■ Supplied information:
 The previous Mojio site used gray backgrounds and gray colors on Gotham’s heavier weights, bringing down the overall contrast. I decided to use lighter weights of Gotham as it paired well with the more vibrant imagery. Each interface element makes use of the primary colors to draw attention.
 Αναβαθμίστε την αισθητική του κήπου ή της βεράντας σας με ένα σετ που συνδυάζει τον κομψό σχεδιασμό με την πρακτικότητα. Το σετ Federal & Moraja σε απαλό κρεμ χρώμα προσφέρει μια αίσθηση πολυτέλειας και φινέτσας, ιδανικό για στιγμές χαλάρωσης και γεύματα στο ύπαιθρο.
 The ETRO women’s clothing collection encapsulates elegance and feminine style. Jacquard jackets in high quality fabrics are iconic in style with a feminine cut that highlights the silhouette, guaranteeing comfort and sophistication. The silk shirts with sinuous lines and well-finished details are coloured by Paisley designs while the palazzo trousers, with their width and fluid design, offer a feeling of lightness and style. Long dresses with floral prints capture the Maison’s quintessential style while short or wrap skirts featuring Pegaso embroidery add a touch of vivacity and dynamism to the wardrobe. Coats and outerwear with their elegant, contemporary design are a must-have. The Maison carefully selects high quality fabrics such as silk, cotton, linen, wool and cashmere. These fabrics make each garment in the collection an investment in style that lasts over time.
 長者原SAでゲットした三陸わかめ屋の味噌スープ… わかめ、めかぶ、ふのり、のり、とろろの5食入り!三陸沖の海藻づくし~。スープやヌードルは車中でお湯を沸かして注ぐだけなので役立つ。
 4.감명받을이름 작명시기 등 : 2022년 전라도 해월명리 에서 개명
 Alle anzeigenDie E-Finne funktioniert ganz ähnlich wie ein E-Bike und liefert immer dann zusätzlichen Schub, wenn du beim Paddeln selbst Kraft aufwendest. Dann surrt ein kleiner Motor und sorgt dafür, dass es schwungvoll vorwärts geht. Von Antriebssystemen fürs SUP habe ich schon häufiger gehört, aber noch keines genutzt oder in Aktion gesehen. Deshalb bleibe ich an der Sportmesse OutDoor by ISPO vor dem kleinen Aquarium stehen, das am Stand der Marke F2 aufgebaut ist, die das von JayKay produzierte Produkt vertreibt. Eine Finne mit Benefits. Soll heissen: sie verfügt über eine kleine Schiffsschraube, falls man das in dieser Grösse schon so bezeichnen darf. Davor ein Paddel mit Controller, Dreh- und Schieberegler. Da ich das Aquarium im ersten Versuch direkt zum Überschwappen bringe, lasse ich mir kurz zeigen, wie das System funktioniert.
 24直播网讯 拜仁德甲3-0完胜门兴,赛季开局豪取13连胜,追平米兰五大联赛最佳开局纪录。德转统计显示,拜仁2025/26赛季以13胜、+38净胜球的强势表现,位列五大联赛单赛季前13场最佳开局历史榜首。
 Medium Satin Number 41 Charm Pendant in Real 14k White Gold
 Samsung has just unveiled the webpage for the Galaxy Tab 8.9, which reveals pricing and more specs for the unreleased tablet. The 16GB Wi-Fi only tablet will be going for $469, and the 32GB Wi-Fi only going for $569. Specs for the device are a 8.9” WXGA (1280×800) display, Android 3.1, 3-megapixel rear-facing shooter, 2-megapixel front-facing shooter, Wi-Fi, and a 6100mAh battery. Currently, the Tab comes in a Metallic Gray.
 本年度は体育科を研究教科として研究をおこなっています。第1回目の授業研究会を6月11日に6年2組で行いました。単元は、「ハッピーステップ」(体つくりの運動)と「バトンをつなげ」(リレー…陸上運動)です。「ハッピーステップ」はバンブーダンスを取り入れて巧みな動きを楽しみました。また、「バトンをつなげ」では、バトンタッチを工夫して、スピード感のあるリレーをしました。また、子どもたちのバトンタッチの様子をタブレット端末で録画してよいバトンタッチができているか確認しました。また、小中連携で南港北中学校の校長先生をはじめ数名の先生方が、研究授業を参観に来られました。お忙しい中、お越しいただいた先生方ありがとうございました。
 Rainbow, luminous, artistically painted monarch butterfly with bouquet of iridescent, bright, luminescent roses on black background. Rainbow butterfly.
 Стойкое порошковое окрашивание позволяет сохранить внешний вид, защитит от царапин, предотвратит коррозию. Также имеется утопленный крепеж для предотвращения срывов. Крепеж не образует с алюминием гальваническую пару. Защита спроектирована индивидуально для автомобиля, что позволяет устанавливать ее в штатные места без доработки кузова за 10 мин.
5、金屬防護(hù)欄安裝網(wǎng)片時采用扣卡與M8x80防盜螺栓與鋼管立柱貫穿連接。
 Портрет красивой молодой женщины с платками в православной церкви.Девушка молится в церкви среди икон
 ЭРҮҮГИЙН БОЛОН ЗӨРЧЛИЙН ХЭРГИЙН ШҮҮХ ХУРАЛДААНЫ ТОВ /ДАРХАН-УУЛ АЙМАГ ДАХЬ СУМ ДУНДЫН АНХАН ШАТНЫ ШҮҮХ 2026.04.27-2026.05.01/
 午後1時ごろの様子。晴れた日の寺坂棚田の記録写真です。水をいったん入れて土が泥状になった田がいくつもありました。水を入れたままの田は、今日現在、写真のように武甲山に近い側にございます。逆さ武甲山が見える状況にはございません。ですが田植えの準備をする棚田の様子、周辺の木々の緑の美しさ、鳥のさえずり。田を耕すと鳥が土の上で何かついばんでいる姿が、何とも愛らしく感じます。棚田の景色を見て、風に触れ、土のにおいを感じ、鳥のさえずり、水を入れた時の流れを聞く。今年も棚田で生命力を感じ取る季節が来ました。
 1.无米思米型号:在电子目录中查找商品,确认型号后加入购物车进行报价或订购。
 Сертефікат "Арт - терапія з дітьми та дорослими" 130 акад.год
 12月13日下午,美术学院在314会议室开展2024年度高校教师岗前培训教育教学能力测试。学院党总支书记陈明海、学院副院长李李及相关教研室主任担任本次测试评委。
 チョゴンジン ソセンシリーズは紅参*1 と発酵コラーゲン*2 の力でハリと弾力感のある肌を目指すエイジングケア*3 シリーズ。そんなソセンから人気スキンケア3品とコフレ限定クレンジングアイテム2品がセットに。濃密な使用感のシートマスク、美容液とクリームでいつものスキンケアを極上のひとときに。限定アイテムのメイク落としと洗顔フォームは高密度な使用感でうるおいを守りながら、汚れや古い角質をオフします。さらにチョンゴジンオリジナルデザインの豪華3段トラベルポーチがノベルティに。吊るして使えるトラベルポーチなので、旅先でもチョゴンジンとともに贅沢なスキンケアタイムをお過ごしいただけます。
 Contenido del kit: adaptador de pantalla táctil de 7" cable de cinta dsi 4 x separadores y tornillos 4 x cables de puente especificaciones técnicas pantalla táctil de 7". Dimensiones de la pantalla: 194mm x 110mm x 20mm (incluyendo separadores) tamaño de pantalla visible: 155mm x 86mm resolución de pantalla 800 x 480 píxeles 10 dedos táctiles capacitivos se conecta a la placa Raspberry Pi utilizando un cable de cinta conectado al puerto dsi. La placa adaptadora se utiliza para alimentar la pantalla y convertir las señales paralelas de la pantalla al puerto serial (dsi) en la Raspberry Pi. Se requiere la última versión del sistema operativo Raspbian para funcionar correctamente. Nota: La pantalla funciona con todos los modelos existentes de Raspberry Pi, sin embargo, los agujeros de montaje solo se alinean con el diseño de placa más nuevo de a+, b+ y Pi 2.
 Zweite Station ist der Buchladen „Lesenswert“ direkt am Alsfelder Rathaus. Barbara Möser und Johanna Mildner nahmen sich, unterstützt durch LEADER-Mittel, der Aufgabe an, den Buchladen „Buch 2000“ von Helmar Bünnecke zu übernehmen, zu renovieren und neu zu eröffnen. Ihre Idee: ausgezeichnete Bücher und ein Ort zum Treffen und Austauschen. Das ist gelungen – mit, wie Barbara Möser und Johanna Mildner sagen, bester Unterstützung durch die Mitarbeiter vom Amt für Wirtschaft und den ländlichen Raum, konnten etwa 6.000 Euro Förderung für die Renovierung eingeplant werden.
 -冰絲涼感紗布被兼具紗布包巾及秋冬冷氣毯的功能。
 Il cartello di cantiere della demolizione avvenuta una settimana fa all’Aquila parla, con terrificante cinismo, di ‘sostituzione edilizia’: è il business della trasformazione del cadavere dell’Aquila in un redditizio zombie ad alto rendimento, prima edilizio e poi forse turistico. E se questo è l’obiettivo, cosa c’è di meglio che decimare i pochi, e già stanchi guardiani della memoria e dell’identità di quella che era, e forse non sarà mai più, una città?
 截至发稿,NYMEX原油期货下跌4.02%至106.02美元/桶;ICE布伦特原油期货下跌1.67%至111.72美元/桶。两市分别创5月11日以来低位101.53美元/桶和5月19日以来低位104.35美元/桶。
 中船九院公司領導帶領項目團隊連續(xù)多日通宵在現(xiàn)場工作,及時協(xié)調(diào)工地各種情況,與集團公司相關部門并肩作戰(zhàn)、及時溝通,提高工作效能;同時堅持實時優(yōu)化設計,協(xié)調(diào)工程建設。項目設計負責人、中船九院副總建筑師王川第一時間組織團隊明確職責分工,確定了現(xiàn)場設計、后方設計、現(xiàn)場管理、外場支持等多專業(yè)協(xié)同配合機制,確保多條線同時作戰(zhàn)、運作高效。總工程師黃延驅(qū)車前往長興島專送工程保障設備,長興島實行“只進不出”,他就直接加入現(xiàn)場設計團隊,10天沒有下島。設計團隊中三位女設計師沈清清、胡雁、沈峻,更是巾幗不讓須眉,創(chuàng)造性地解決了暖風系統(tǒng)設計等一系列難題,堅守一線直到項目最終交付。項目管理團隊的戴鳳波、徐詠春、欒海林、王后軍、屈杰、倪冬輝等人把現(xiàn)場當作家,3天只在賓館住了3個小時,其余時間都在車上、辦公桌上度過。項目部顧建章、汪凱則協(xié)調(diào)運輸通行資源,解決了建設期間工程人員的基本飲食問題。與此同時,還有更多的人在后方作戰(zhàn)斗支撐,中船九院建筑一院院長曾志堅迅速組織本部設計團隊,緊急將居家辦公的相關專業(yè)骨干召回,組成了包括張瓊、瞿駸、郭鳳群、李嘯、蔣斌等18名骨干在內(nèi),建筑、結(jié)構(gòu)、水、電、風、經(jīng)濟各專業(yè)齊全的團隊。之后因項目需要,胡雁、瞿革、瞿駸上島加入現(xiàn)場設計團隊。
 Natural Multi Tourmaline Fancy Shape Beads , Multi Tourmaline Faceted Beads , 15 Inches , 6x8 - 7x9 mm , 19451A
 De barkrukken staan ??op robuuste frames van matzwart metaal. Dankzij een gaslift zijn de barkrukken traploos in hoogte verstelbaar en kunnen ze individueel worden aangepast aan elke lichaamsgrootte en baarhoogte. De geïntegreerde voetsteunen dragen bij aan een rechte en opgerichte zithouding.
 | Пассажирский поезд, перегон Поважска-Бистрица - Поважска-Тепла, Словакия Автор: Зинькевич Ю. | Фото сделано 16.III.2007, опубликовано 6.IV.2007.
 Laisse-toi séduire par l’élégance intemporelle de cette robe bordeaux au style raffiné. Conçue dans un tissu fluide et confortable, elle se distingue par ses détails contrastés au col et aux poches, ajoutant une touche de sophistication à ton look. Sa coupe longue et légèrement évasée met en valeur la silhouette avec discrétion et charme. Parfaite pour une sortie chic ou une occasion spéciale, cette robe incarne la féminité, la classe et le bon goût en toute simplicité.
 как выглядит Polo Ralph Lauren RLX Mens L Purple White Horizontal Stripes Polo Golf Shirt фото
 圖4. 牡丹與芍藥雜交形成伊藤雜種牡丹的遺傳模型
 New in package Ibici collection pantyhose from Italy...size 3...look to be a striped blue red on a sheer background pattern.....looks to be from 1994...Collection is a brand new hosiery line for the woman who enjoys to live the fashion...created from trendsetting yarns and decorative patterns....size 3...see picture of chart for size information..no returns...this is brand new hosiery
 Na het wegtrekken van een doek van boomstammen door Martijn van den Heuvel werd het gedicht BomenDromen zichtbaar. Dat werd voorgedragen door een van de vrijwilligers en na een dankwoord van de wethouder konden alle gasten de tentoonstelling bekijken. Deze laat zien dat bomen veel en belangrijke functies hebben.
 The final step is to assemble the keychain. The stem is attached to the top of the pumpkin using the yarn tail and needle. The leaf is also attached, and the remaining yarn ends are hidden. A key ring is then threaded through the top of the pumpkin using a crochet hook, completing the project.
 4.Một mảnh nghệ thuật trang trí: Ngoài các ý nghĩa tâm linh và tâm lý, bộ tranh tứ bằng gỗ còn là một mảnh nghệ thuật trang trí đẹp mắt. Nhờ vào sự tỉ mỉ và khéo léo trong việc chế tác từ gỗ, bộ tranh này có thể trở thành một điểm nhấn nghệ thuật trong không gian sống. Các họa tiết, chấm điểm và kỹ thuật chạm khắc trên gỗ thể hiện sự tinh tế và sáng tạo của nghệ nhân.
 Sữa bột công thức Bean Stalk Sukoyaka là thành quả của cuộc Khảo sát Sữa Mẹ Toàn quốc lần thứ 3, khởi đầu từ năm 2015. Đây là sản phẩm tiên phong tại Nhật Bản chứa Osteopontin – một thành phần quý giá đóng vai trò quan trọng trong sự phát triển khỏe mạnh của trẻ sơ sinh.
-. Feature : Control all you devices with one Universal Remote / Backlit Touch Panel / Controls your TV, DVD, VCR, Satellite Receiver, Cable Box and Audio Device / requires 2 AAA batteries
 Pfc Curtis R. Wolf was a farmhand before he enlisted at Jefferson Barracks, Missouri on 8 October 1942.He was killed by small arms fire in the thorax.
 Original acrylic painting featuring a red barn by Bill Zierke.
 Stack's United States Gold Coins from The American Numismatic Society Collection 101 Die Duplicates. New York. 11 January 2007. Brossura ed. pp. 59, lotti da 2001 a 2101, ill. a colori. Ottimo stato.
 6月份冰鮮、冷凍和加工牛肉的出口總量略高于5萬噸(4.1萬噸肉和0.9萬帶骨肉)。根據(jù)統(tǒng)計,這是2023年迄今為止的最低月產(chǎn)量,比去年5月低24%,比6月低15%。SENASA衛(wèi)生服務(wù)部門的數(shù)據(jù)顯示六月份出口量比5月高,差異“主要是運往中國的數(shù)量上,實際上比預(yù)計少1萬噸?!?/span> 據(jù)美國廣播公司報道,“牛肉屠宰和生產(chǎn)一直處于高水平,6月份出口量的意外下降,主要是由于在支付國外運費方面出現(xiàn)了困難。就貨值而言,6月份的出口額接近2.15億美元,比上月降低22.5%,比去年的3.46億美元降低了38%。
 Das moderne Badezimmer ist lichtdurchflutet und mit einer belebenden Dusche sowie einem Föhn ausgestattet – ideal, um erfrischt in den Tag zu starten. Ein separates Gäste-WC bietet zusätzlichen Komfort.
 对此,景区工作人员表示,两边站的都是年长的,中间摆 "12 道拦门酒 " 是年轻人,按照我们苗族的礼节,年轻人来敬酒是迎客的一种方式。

■ What is needed: Only the number is wanted. Count the lines above that include the word "with".

■ Written solution: 4